**Records from a collection**
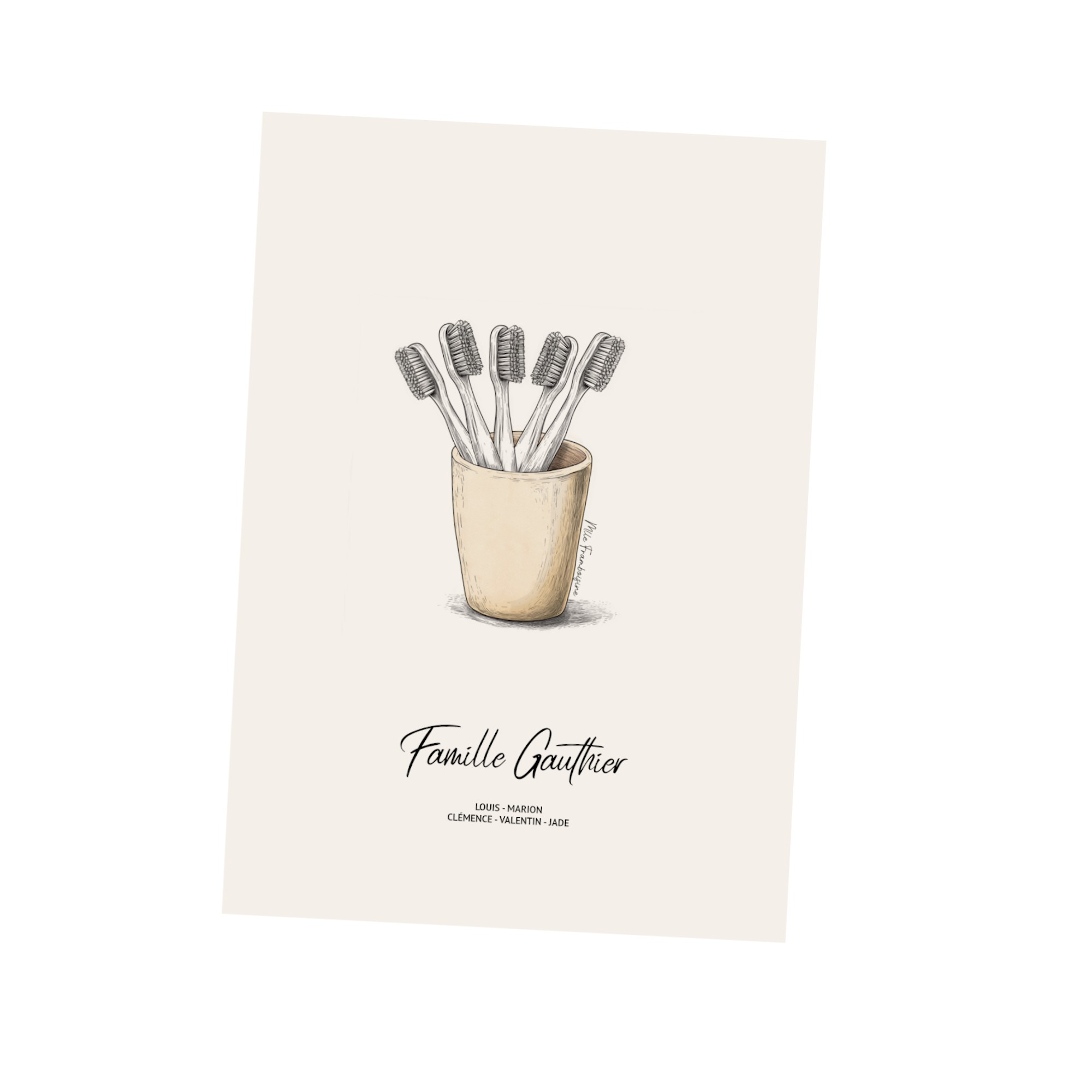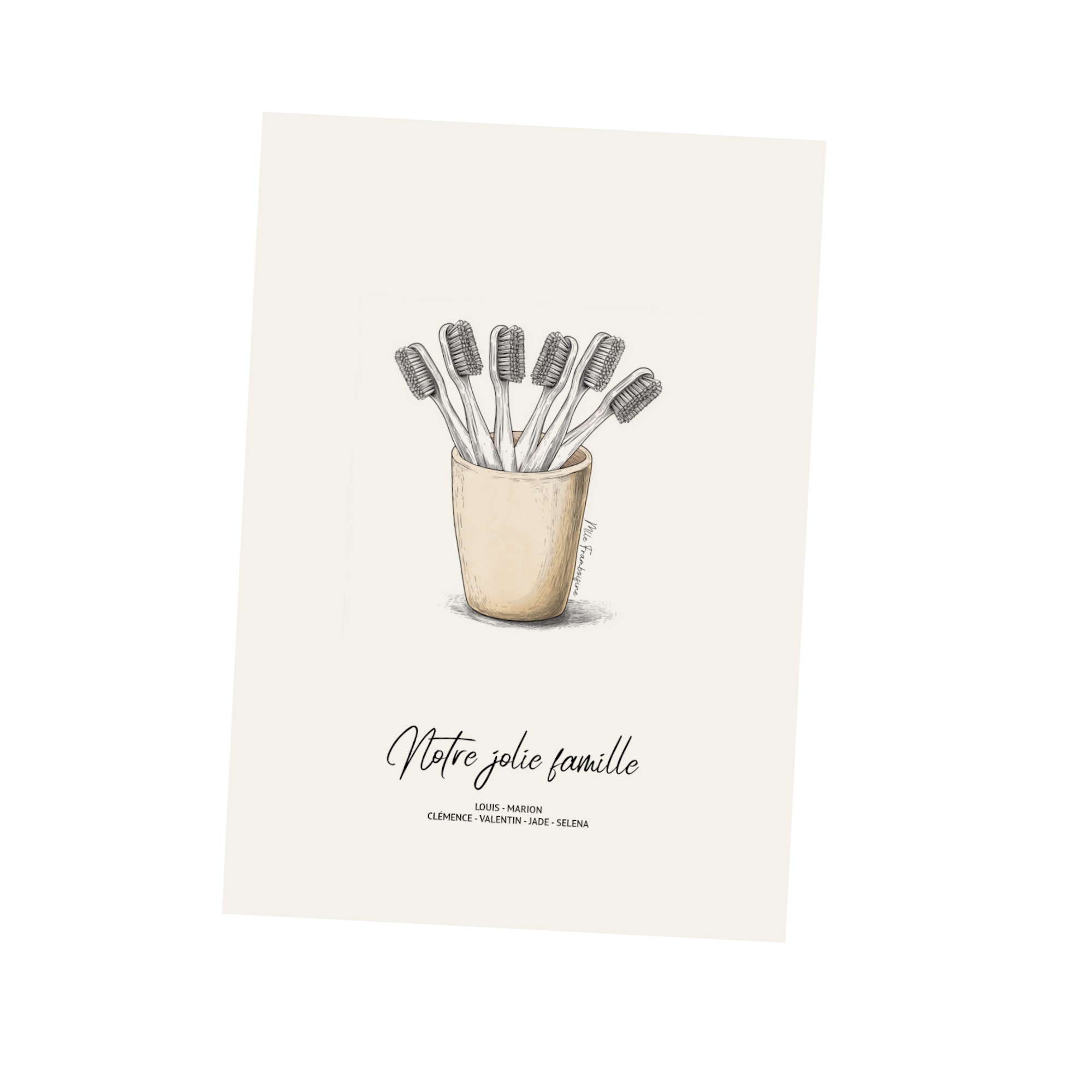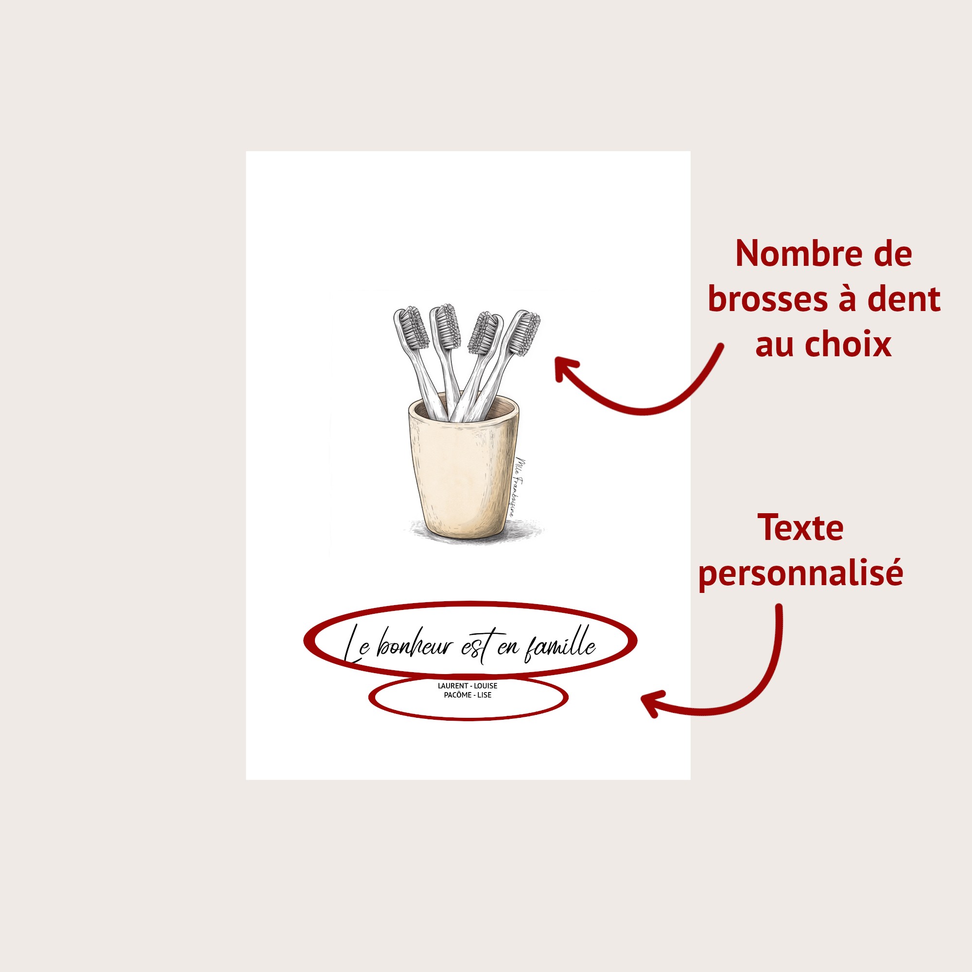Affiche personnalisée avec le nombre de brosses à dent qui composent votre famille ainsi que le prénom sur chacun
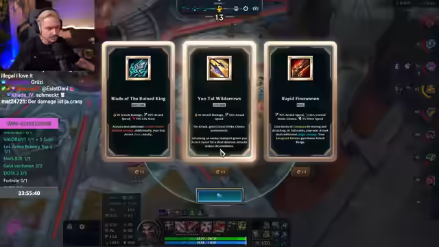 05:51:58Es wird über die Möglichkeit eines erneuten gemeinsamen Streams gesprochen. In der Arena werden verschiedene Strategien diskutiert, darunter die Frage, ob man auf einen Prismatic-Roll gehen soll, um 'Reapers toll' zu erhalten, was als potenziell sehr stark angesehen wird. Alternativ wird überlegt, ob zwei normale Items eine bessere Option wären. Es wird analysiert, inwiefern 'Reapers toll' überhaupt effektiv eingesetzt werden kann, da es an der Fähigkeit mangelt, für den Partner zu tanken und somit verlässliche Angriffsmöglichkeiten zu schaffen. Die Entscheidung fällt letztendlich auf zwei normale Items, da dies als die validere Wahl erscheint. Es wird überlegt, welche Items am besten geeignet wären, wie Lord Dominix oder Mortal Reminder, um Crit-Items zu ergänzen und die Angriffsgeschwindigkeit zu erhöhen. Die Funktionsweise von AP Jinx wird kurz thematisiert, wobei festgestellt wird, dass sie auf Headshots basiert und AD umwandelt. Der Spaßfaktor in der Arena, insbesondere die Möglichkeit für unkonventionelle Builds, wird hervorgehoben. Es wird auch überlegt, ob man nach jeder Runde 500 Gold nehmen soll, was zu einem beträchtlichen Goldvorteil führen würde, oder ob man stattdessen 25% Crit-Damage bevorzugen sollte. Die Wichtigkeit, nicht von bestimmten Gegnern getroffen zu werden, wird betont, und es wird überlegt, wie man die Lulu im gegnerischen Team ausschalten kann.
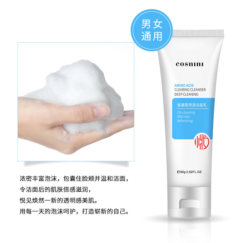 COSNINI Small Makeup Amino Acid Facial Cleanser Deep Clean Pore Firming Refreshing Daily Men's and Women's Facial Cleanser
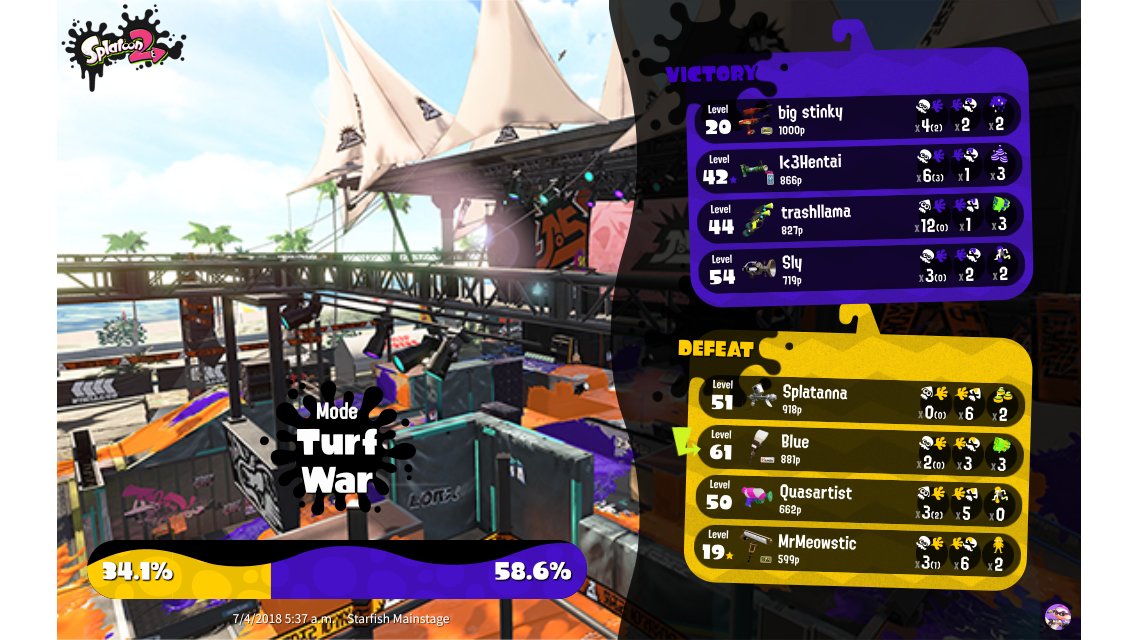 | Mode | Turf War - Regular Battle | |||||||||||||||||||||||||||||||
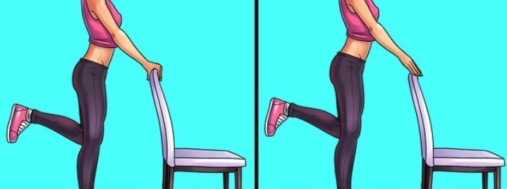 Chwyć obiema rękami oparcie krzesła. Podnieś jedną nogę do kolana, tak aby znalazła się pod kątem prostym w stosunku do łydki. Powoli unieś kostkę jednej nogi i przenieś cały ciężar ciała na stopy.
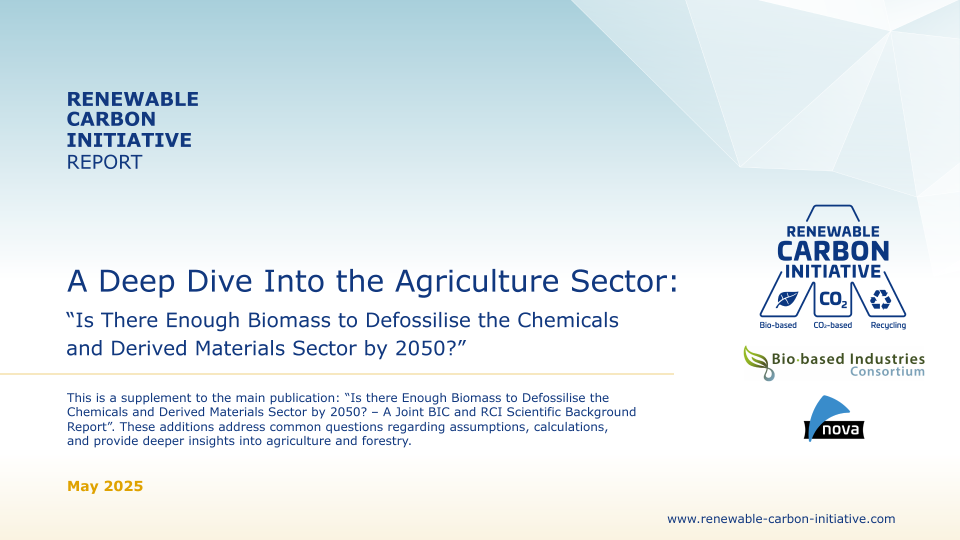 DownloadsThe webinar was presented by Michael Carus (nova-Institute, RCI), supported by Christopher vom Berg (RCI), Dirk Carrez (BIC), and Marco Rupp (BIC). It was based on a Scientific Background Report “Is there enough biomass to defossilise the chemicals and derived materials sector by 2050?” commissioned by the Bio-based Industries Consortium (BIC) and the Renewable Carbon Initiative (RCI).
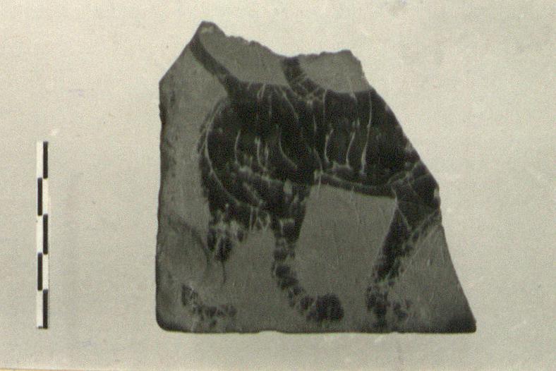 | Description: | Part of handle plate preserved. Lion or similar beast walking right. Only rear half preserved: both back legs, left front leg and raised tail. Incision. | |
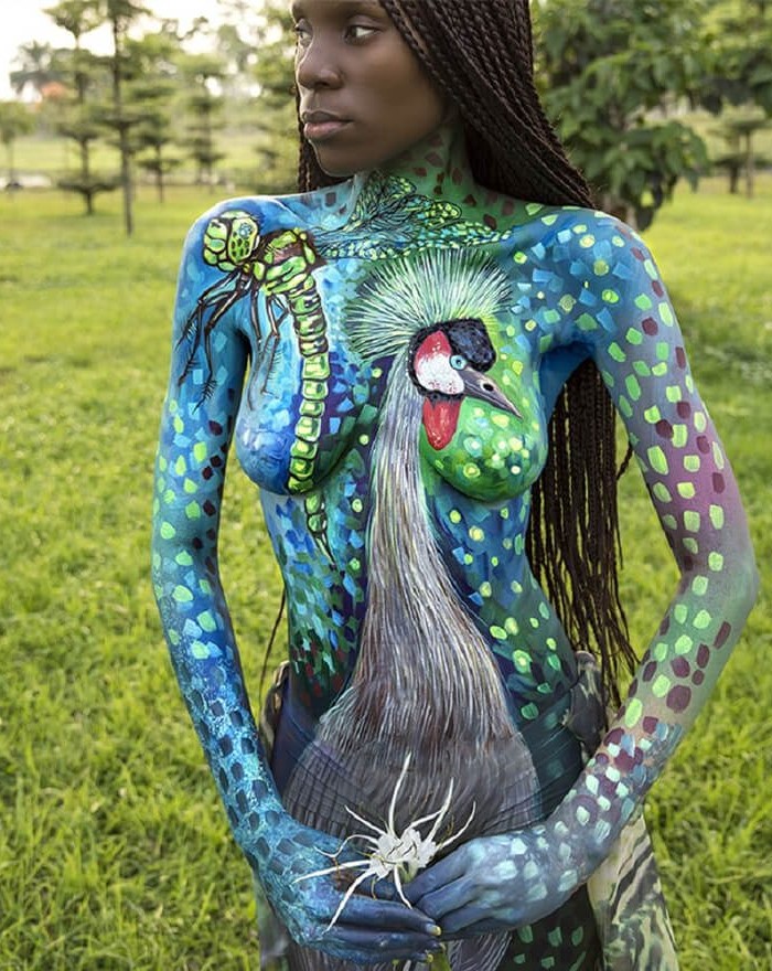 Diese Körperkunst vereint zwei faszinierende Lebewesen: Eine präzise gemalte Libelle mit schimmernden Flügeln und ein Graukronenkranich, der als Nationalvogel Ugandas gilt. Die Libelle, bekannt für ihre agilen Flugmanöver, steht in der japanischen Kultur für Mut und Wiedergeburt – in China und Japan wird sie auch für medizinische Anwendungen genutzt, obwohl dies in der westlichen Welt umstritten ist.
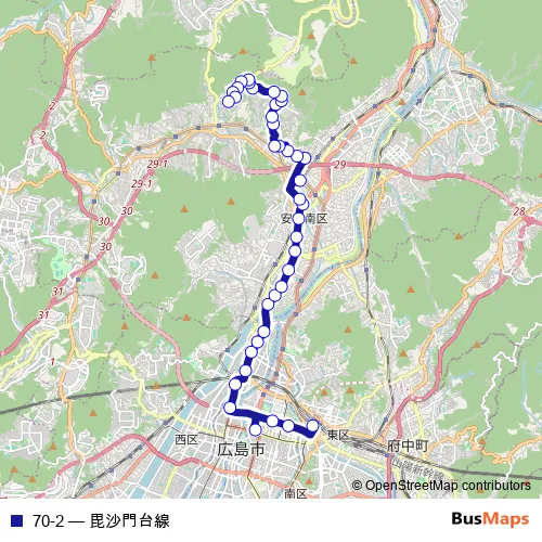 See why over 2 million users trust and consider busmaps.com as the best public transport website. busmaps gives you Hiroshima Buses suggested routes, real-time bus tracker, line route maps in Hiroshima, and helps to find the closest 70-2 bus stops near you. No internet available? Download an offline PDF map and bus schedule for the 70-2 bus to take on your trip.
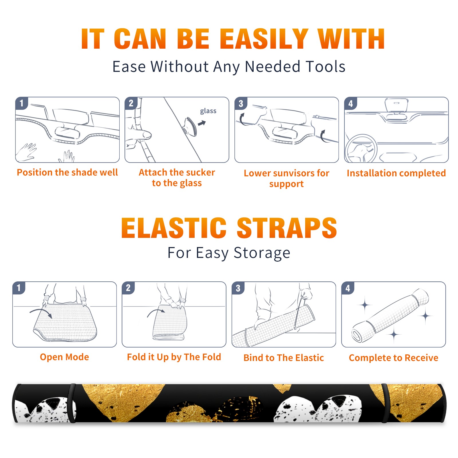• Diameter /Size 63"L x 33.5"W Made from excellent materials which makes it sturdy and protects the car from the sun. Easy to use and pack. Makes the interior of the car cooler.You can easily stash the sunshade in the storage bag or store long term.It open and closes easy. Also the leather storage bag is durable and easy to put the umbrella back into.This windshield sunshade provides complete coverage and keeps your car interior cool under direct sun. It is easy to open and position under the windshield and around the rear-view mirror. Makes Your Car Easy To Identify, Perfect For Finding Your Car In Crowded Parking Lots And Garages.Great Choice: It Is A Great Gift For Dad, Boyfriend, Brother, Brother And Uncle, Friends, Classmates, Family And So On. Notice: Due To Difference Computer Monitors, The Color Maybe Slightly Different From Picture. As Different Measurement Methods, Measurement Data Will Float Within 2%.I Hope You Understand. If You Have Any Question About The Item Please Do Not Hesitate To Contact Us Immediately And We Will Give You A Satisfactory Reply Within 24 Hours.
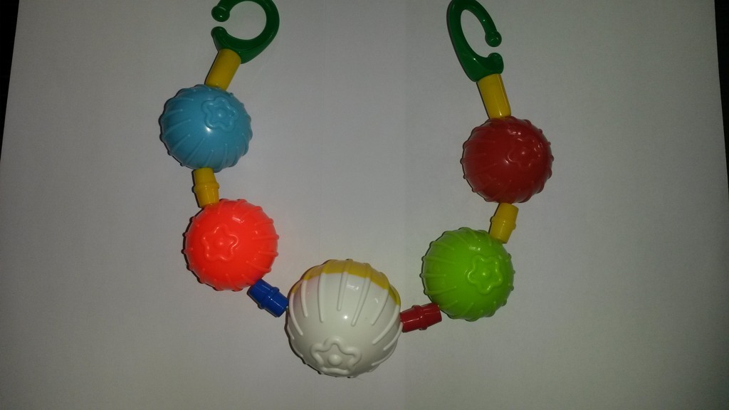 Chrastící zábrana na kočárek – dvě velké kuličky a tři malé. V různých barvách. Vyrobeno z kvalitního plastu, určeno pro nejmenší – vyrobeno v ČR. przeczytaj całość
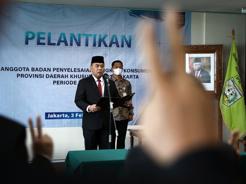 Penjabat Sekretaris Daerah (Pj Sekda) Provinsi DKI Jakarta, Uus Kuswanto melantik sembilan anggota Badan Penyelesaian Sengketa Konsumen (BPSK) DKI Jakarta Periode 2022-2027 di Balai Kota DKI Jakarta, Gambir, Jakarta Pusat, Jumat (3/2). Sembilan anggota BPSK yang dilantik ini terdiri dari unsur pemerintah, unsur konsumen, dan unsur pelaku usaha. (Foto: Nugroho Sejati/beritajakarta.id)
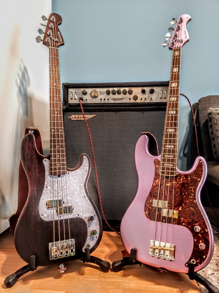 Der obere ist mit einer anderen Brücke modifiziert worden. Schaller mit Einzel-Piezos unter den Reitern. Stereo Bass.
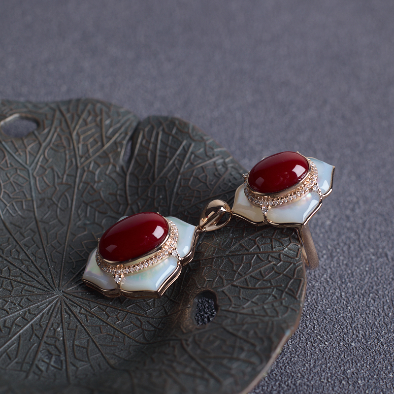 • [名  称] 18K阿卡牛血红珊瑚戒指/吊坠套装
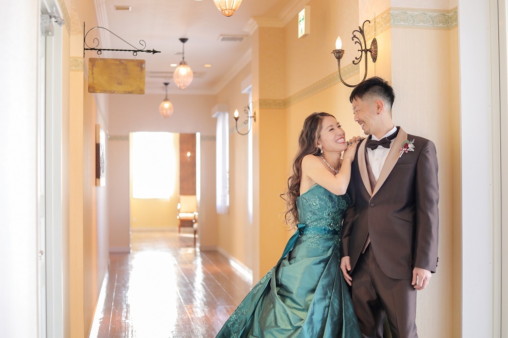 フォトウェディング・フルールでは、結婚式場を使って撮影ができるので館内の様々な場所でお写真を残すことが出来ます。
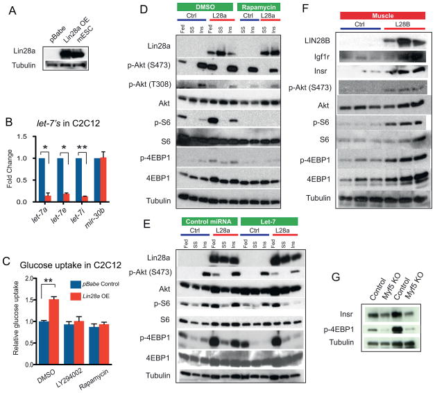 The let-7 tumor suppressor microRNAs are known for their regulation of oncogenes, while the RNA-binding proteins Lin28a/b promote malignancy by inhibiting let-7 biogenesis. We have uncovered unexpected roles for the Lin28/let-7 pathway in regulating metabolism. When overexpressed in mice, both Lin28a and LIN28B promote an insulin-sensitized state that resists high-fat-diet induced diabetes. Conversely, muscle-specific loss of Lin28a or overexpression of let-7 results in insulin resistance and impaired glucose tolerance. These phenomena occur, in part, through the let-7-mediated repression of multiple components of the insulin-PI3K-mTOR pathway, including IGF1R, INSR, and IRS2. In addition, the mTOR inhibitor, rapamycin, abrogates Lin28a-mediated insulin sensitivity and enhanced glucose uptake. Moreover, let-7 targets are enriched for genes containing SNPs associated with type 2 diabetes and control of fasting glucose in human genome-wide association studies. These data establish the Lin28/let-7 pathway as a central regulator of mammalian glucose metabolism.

**EXERCISE OBJECTIVE**
With the pictures left out, write out exactly the lines from the line containing "Penjabat Sekretaris Daerah" through the last line of the entries above, both ends included, and no others.

**ANSWER TO THIS TASK**
 Penjabat Sekretaris Daerah (Pj Sekda) Provinsi DKI Jakarta, Uus Kuswanto melantik sembilan anggota Badan Penyelesaian Sengketa Konsumen (BPSK) DKI Jakarta Periode 2022-2027 di Balai Kota DKI Jakarta, Gambir, Jakarta Pusat, Jumat (3/2). Sembilan anggota BPSK yang dilantik ini terdiri dari unsur pemerintah, unsur konsumen, dan unsur pelaku usaha. (Foto: Nugroho Sejati/beritajakarta.id)
 Der obere ist mit einer anderen Brücke modifiziert worden. Schaller mit Einzel-Piezos unter den Reitern. Stereo Bass.
 • [名  称] 18K阿卡牛血红珊瑚戒指/吊坠套装
 フォトウェディング・フルールでは、結婚式場を使って撮影ができるので館内の様々な場所でお写真を残すことが出来ます。
 The let-7 tumor suppressor microRNAs are known for their regulation of oncogenes, while the RNA-binding proteins Lin28a/b promote malignancy by inhibiting let-7 biogenesis. We have uncovered unexpected roles for the Lin28/let-7 pathway in regulating metabolism. When overexpressed in mice, both Lin28a and LIN28B promote an insulin-sensitized state that resists high-fat-diet induced diabetes. Conversely, muscle-specific loss of Lin28a or overexpression of let-7 results in insulin resistance and impaired glucose tolerance. These phenomena occur, in part, through the let-7-mediated repression of multiple components of the insulin-PI3K-mTOR pathway, including IGF1R, INSR, and IRS2. In addition, the mTOR inhibitor, rapamycin, abrogates Lin28a-mediated insulin sensitivity and enhanced glucose uptake. Moreover, let-7 targets are enriched for genes containing SNPs associated with type 2 diabetes and control of fasting glucose in human genome-wide association studies. These data establish the Lin28/let-7 pathway as a central regulator of mammalian glucose metabolism.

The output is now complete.